**REQUIRED WORK:**
Images excepted, the data below must be repeated exactly.

**Collected data:**
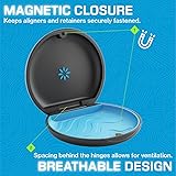 - This slim, modern retainer holder case keeps your Invisalign aligners and retainers secure when at home and while on the road. A magnetic closure ensures the retainer case stays securely fastened, while a textured liner helps to minimize movement. Specialized spacing behind the hinge of this Invisalign case provides ventilation, allowing your aligner to breathe. This slim retainer case measures 3 3/4 inches in diameter and 3/4-inch high and arrives in a black drawstring pouch that can be used as an additional storage component if desired.
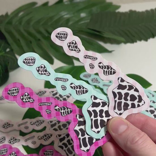 This Hawaiian Islands sticker features a unique custom design: each island is filled with the beautiful of a Hebrew Cone Shell, set against a palaka-style background. Available in three colors — hot pink, sea foam, or light pink. Printed on waterproof glossy vinyl and 4 inches wide, it’s perfect for water bottles, cars, laptops, and more.
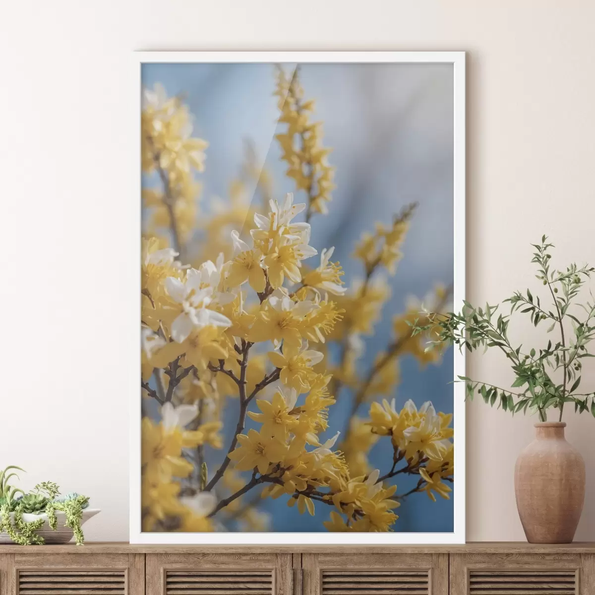 Plakatas Geltonos gėlės mėlyname fone su švelniu fokusavimu Ne f44894
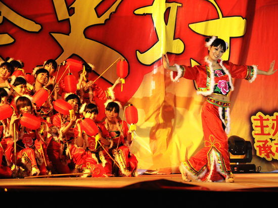 荧光棒舞动着青春,麦克风传递着活力,最后,晚会在融合了广东特色的粤剧、日语、通俗、英文等多种元素的歌曲串烧中圆满落幕。
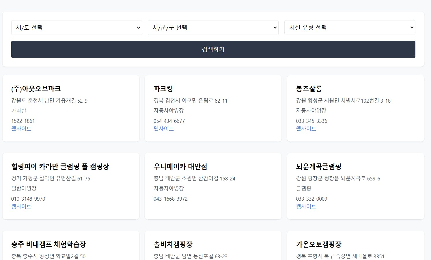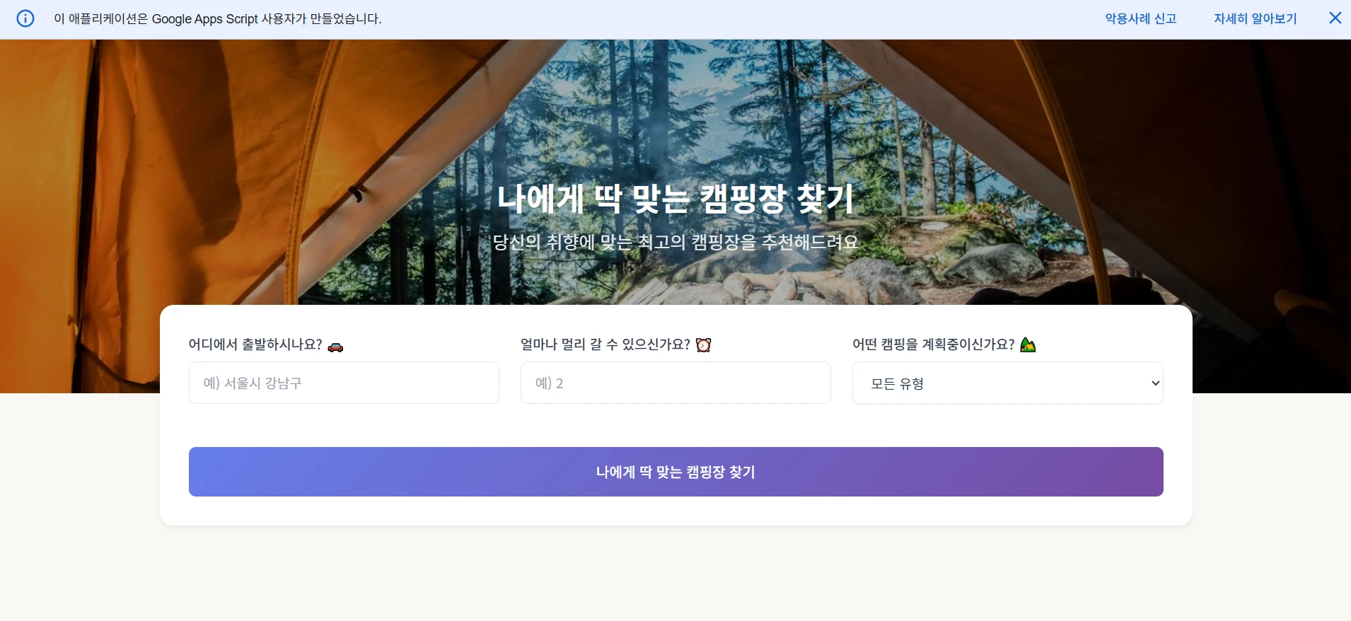 </html>공공데이터를 활용한 웹서비스를 만들거야. google apps script로 코딩할거고, 다른 복잡한 방법은 쓰지 말아줘. 공공데이터 API 키는 ~~이야. 캠핑장 데이터이고 웹서비스에서 캠핑장 데이터를 조회할 수 있어야 하고, 지역이랑 캠핑 유형을 필터링 할 수 있는 기능을 넣어줘. 웹서비스에서 한국어로 보여줘야 하고 이쁘게 디자인해줘
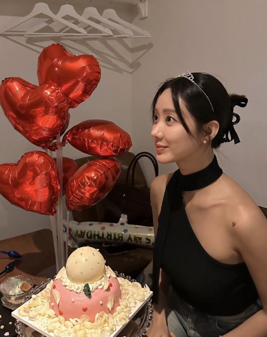사진 속 한그루는 왕관을 쓴 채 생일 케이크 앞에서 환한 미소를 짓고 있다. 특히 하트 풍선과 핑크빛 케이크가 어우러진 테이블 세팅은 마치 동화 속 한 장면처럼 로맨틱한 분위기를 자아낸다.
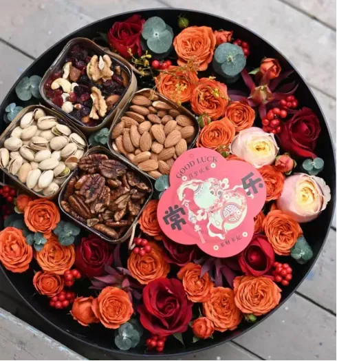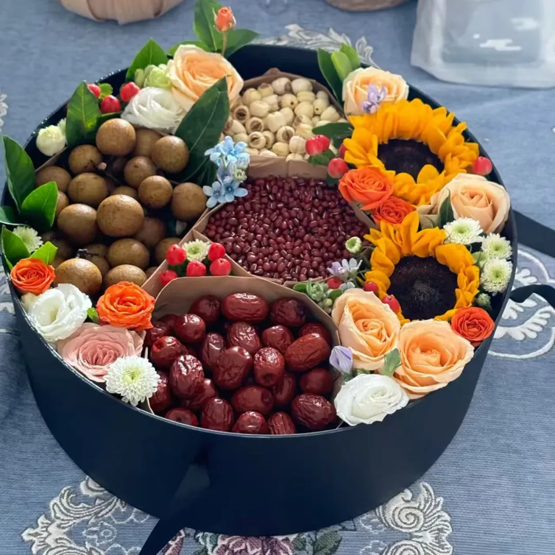 鲜花干果礼盒授课内容:本课程以“自然与艺术的融合”为核心,教授学员如何将干果与新鲜花材巧妙搭配,通过礼盒包装打造高颜值礼物。课程涵盖花艺设计基础(色彩搭配、层次构建)、引导学员发挥创意,将礼盒拆解后可作为食材,兼顾审美与实用性。
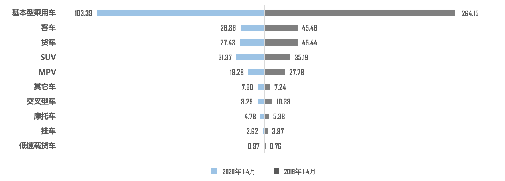 從車型角度來看,2020年1-4月基本型乘用車共交易183.39萬輛,同比下降30.57%;客車26.86萬輛,同比下降40.92%;載貨車27.43萬輛,同比下降39.63%;SUV 31.37萬輛,同比下降10.85%;MPV18.28萬輛,同比下降34.19%;交叉型乘用車8.29萬輛,同比下降20.10%。

**RESULT OF THIS TASK:**
 - This slim, modern retainer holder case keeps your Invisalign aligners and retainers secure when at home and while on the road. A magnetic closure ensures the retainer case stays securely fastened, while a textured liner helps to minimize movement. Specialized spacing behind the hinge of this Invisalign case provides ventilation, allowing your aligner to breathe. This slim retainer case measures 3 3/4 inches in diameter and 3/4-inch high and arrives in a black drawstring pouch that can be used as an additional storage component if desired.
 This Hawaiian Islands sticker features a unique custom design: each island is filled with the beautiful of a Hebrew Cone Shell, set against a palaka-style background. Available in three colors — hot pink, sea foam, or light pink. Printed on waterproof glossy vinyl and 4 inches wide, it’s perfect for water bottles, cars, laptops, and more.
 Plakatas Geltonos gėlės mėlyname fone su švelniu fokusavimu Ne f44894
 荧光棒舞动着青春,麦克风传递着活力,最后,晚会在融合了广东特色的粤剧、日语、通俗、英文等多种元素的歌曲串烧中圆满落幕。
 </html>공공데이터를 활용한 웹서비스를 만들거야. google apps script로 코딩할거고, 다른 복잡한 방법은 쓰지 말아줘. 공공데이터 API 키는 ~~이야. 캠핑장 데이터이고 웹서비스에서 캠핑장 데이터를 조회할 수 있어야 하고, 지역이랑 캠핑 유형을 필터링 할 수 있는 기능을 넣어줘. 웹서비스에서 한국어로 보여줘야 하고 이쁘게 디자인해줘
사진 속 한그루는 왕관을 쓴 채 생일 케이크 앞에서 환한 미소를 짓고 있다. 특히 하트 풍선과 핑크빛 케이크가 어우러진 테이블 세팅은 마치 동화 속 한 장면처럼 로맨틱한 분위기를 자아낸다.
 鲜花干果礼盒授课内容:本课程以“自然与艺术的融合”为核心,教授学员如何将干果与新鲜花材巧妙搭配,通过礼盒包装打造高颜值礼物。课程涵盖花艺设计基础(色彩搭配、层次构建)、引导学员发挥创意,将礼盒拆解后可作为食材,兼顾审美与实用性。
 從車型角度來看,2020年1-4月基本型乘用車共交易183.39萬輛,同比下降30.57%;客車26.86萬輛,同比下降40.92%;載貨車27.43萬輛,同比下降39.63%;SUV 31.37萬輛,同比下降10.85%;MPV18.28萬輛,同比下降34.19%;交叉型乘用車8.29萬輛,同比下降20.10%。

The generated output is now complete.